THE TASK: In the entries below, begin at the line that has "This sideboard embodies" and stop after the line that has "- говорит Дуйсенбаев."; output those lines exactly, leaving out pictures.

DATA FOR PROCESSING:
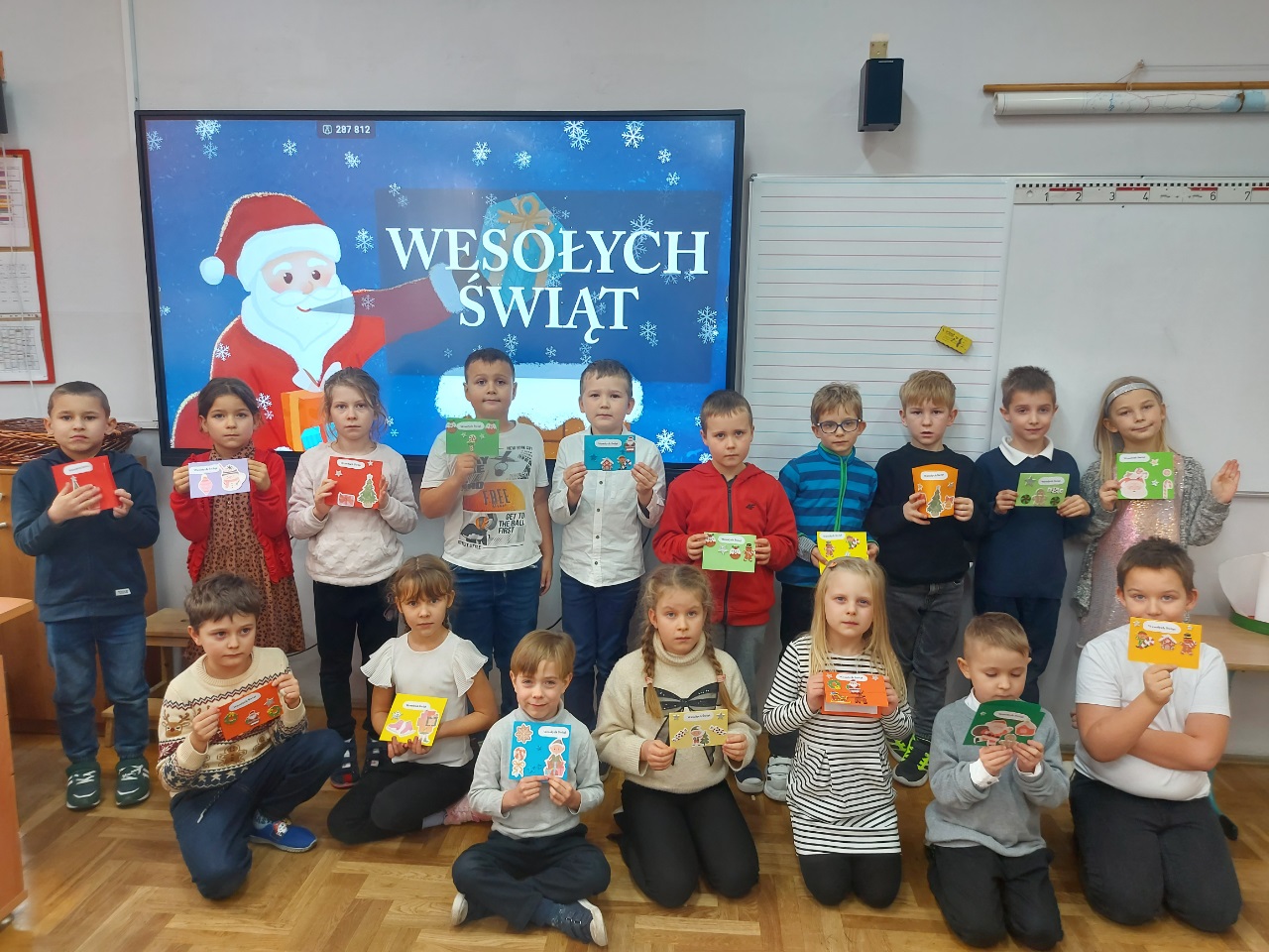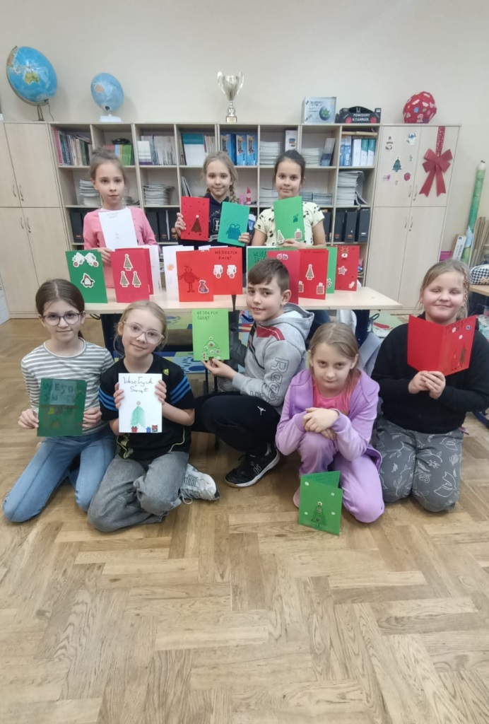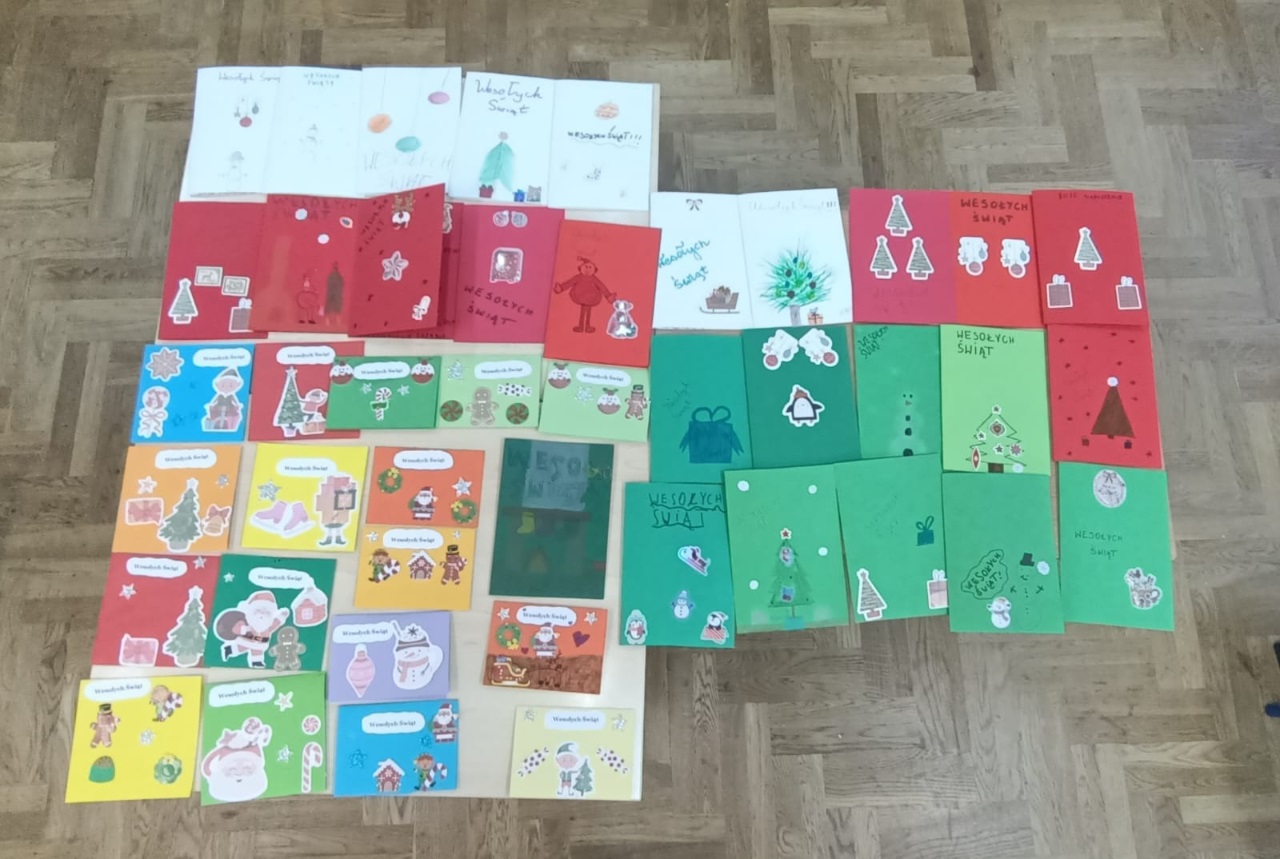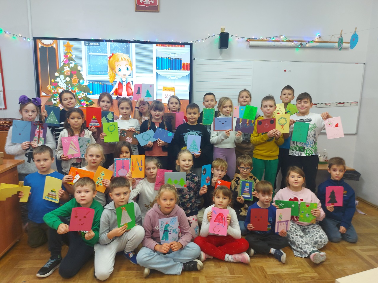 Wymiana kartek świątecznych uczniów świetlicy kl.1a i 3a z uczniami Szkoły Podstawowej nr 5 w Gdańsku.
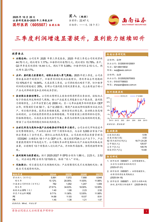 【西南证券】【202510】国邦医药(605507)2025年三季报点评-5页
* * *
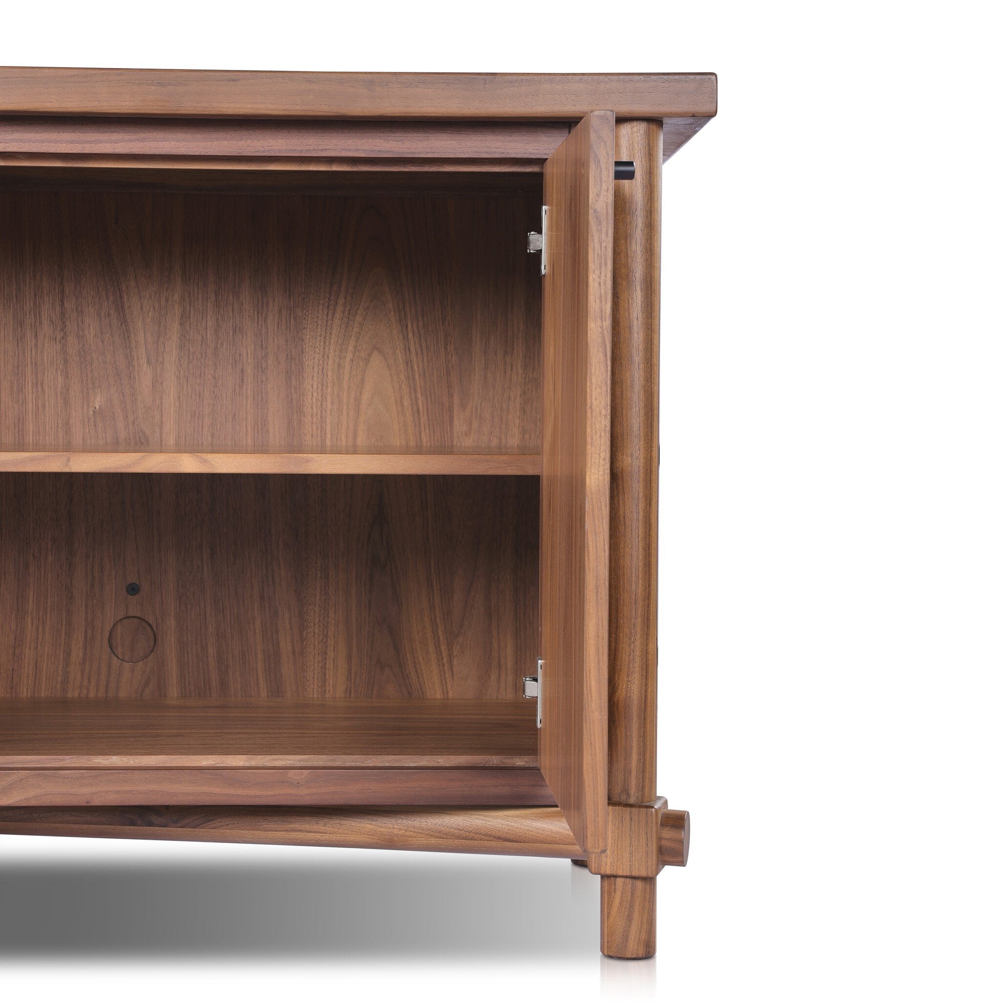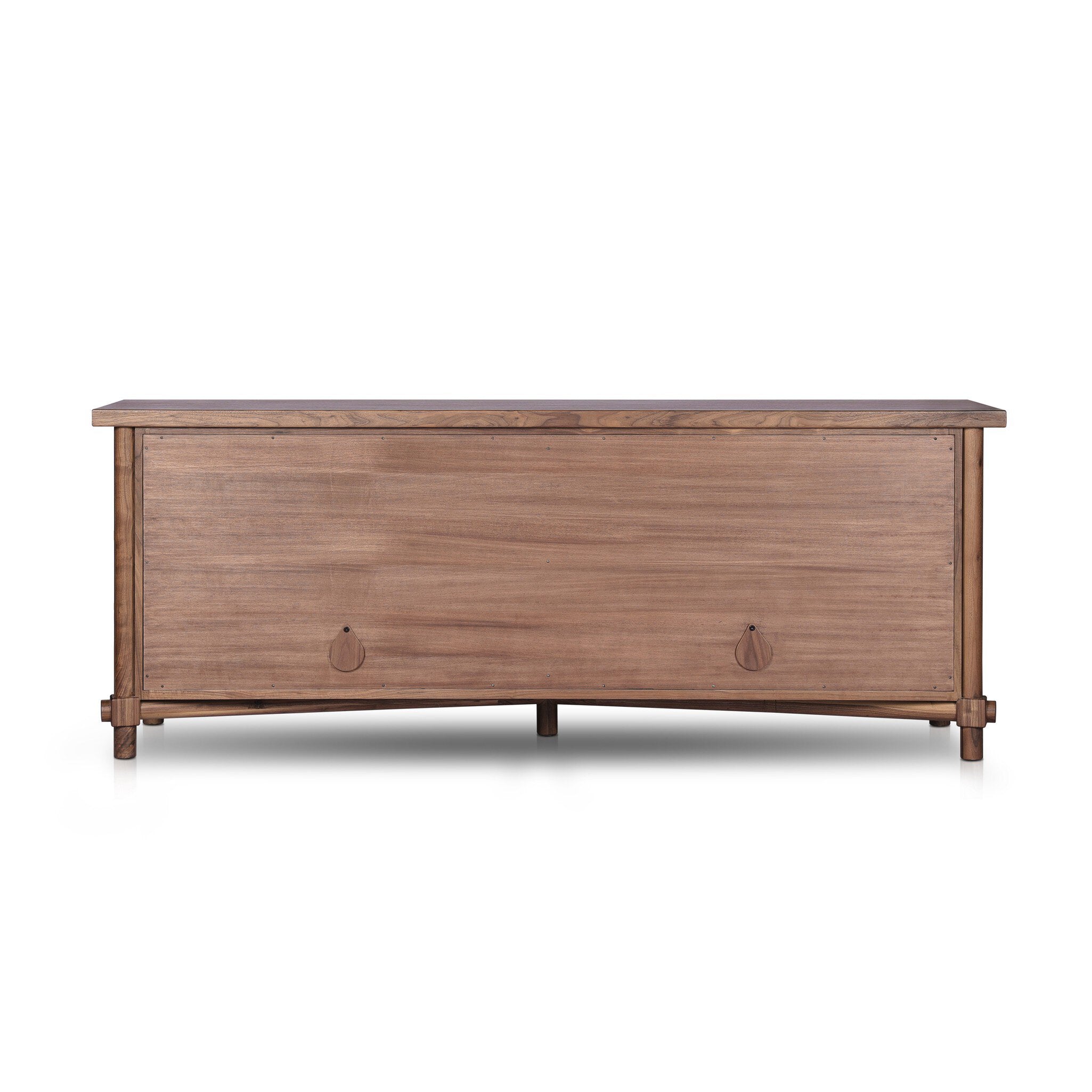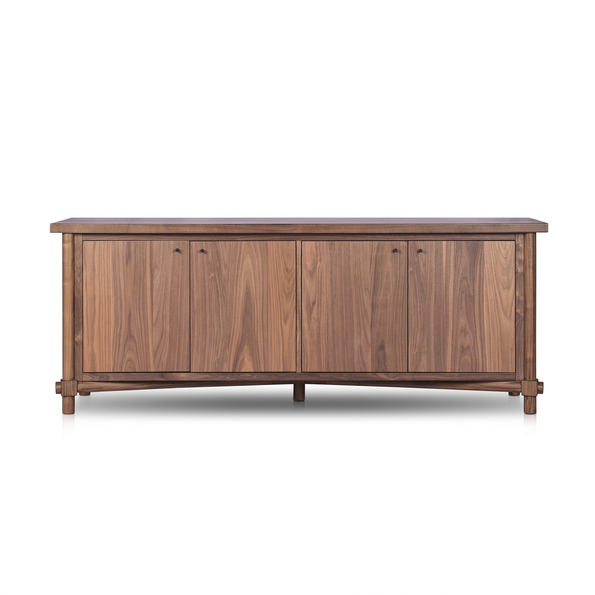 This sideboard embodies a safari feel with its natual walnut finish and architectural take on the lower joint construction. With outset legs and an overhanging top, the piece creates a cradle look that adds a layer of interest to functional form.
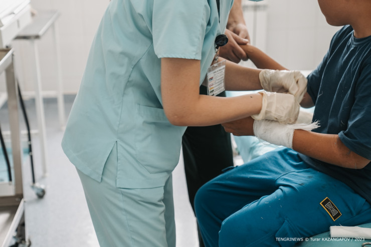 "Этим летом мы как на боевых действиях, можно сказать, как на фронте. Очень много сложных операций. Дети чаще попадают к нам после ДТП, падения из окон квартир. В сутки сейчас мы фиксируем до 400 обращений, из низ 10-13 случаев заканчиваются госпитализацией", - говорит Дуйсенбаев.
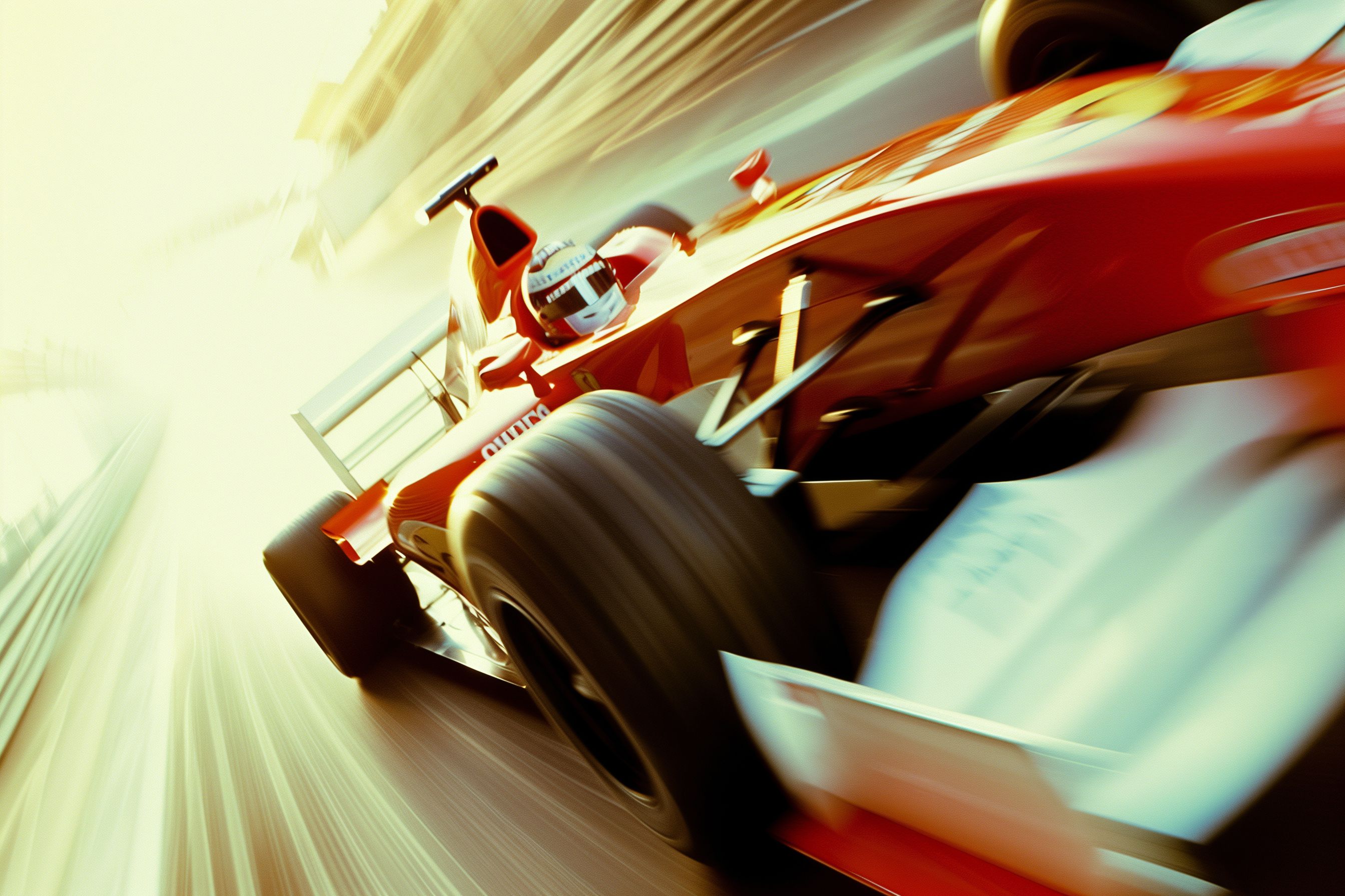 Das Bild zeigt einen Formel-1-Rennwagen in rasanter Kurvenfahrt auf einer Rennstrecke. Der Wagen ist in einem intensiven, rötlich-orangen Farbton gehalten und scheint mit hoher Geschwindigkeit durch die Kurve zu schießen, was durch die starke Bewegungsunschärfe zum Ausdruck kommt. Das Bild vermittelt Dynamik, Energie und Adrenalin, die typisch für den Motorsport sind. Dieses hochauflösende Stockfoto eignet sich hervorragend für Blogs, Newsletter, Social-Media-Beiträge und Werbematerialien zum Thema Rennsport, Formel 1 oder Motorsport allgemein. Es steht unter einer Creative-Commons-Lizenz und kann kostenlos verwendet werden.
* * *
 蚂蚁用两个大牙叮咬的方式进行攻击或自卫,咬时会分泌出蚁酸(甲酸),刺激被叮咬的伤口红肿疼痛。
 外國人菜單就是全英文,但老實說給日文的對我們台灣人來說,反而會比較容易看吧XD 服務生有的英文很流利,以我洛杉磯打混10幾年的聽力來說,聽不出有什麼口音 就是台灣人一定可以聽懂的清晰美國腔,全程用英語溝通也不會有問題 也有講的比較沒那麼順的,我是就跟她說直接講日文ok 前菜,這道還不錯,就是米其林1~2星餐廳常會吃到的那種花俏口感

RESULT OF THIS EXERCISE:
 This sideboard embodies a safari feel with its natual walnut finish and architectural take on the lower joint construction. With outset legs and an overhanging top, the piece creates a cradle look that adds a layer of interest to functional form.
 "Этим летом мы как на боевых действиях, можно сказать, как на фронте. Очень много сложных операций. Дети чаще попадают к нам после ДТП, падения из окон квартир. В сутки сейчас мы фиксируем до 400 обращений, из низ 10-13 случаев заканчиваются госпитализацией", - говорит Дуйсенбаев.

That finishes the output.